Additional Facts/Notes:
1. Article XI, Section 9, of the Constitution that all public officials and employees owe the state an
allegiance at all time
2. Section 42 of the Local Government Code that a candidate for local elective office must be a citizen
of the Philippines and a qualified voter of the constituency where he is running
a. Certificate of candidacy he filed on November 19, 1987, Frivaldo described himself as a natural born
citizen of the Philippines, omitting mention of any subsequent loss of such status
b. Evidence, a certification from US District court, District of California, authenticated by Vice Consul
Amado P. Cortez of Philippine Consulate General in California, USA.
3. If Frivaldo really wanted to disavow his American citizenship and reacquire Philippine citizenship,
the petitioner should have done so in accordance with the laws of our country.
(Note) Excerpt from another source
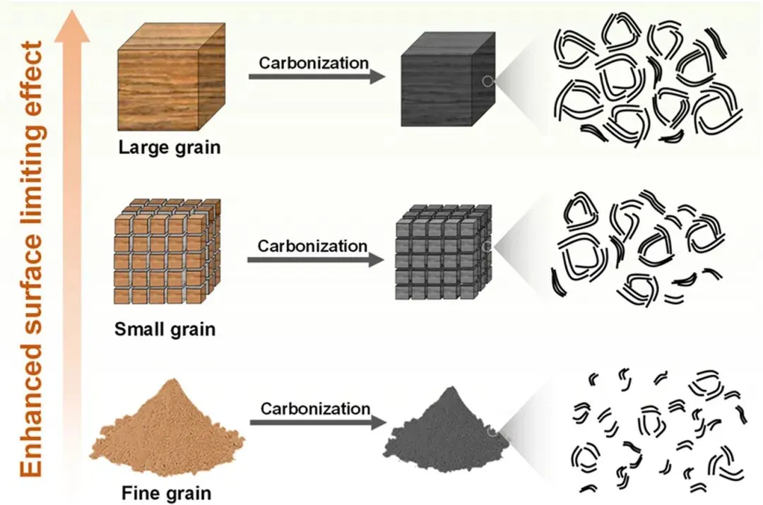 该研究系统阐明了前驱体表面限域效应对硬碳闭孔形成的关键作用,提出了一种通过调控前驱体表面特性来工程化构建闭孔的新策略。研究表明,前驱体的表面限域效应强度是决定硬碳最终孔结构的临界因素:大颗粒、密堆积的荔枝木前驱体(L-LW)具有更强的表面限域效应,通过降低反应动力学抑制早期表面碳化,为挥发分逸出和碳层弯曲折叠重组提供了充足时间和空间自由度,有利于形成丰富的内部闭孔和更大的石墨微晶;相反,小颗粒前驱体的表面限域效应较弱,导致快速表面碳化、早期孔闭合和短程石墨域的发展。受益于高闭孔含量,源自大颗粒荔枝木的硬碳(C-L-LW)表现出高可逆/平台容量、优异倍率性能和出色长期循环稳定性。综合电化学和结构分析证实,所设计的结构通过层间嵌入和孔填充提供了额外的钠存储位点。这些发现不仅建立了前驱体微观结构与硬碳闭孔演化之间的直接构效关系,也为通过精确调控前驱体结构有序度和堆积密度开发高性能硬碳负极提供了通用的材料设计指导原则。该策略具有原料来源广泛、制备工艺简便、可规模化生产等优势,对推动钠离子电池硬碳负极材料的实用化进程具有重要意义,未来研究将进一步评估该策略在不同前驱体中的普适性以及加工参数对宏观电极性能的影响。
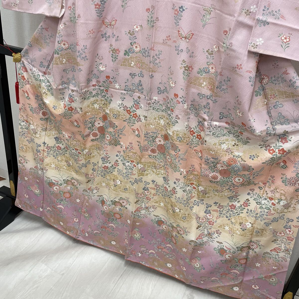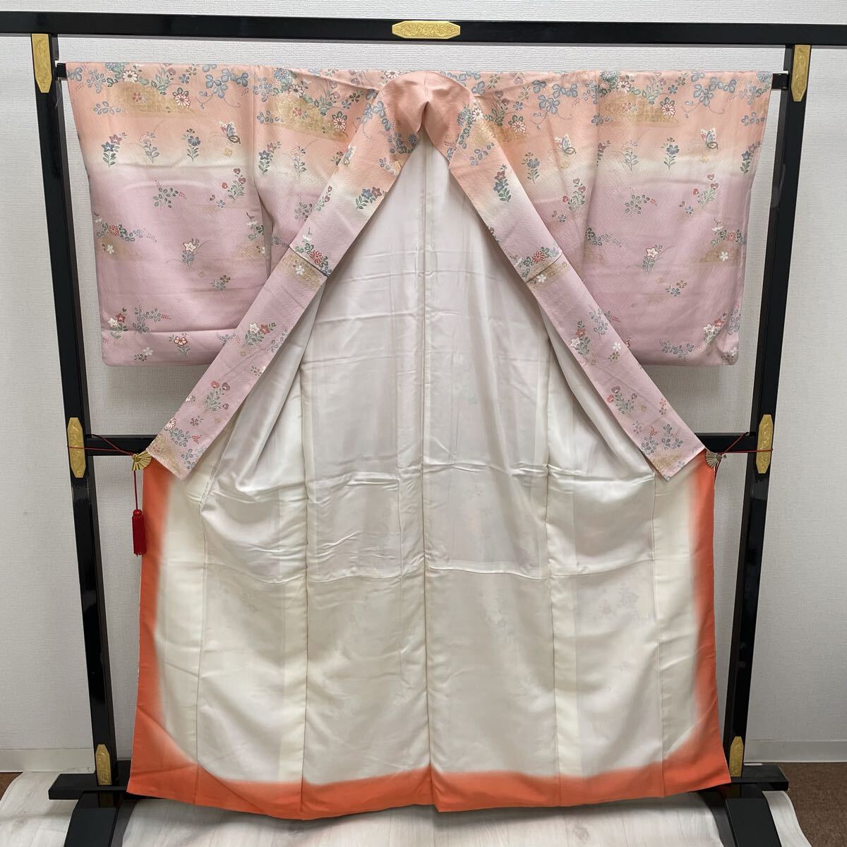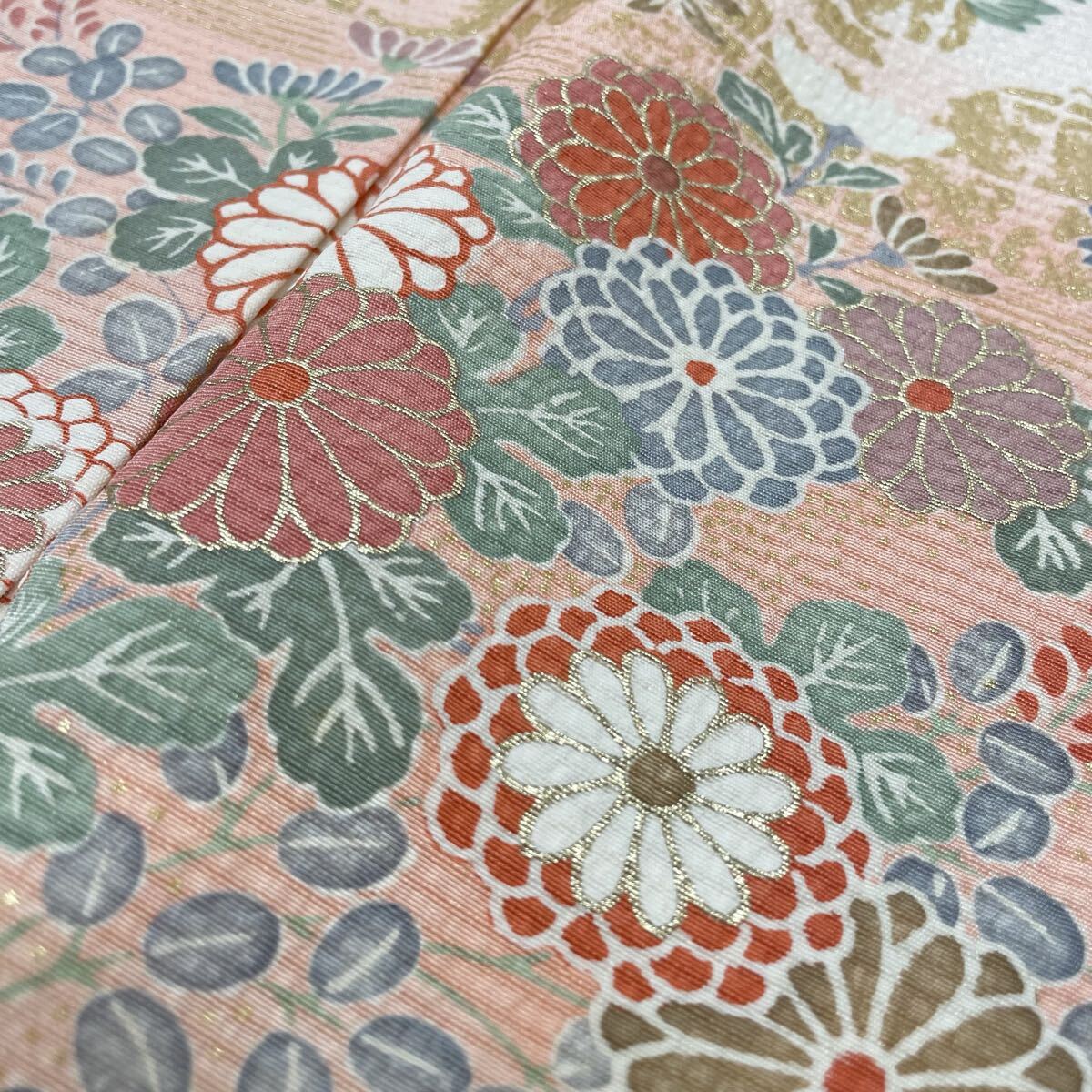 小紋付下げ ちりめん 裄66 金彩 華やかな染め 着物 正絹 W-6319

Under CA No. 63 as
amended by CA No. 473 and PD No. 725, Philippine citizenship may be reacquired by direct act of
congress, by naturalization, or by repatriation.

Defense:
Frivaldo insisted that he was a citizen of the Philippines because his naturalization as an American citizen
was not impressed with voluntariness. He cited Nottebohm case, a German nationals naturalization in
Liechtenstein was not recognized because it had been obtained for reasons of convenience only. A1) His
oath in his certificate of candidacy that he was a natural born citizen should be a sufficient act of
repatriation. A2) He actively participates in 1987 congressional elections had divested him of American
citizenship under the laws of the United States, thus, restoring his Philippine citizenship.

VS

The court: Nottebohm case cited by the petitioner invoked the International Law, principle of effective
nationality which is clearly not applicable to the case at bar. Why not relevant? Said case is not relevant
to the petitioner before us because it dealt with a conflict between the nationality laws of two states as
decided by a third state.

Article 5 of the Hague Convention of 1930 on the conflict of nationality law: Within a thirst state a
person having more than one nationality shall be treated as if he had only one.

Held:
The petition is dismissed and petitioner Juan G. Frivaldo is hereby not a citizen of the Philippines and
therefore disqualified from serving as Governor of the province of Sorsogon. Accordingly, he is ordered
to vacate his office and surrender the same to the duly elected vice-governor of the said province once
this decision becomes final and executor. The temporary restraining order dated March 9, 1980, is lifted.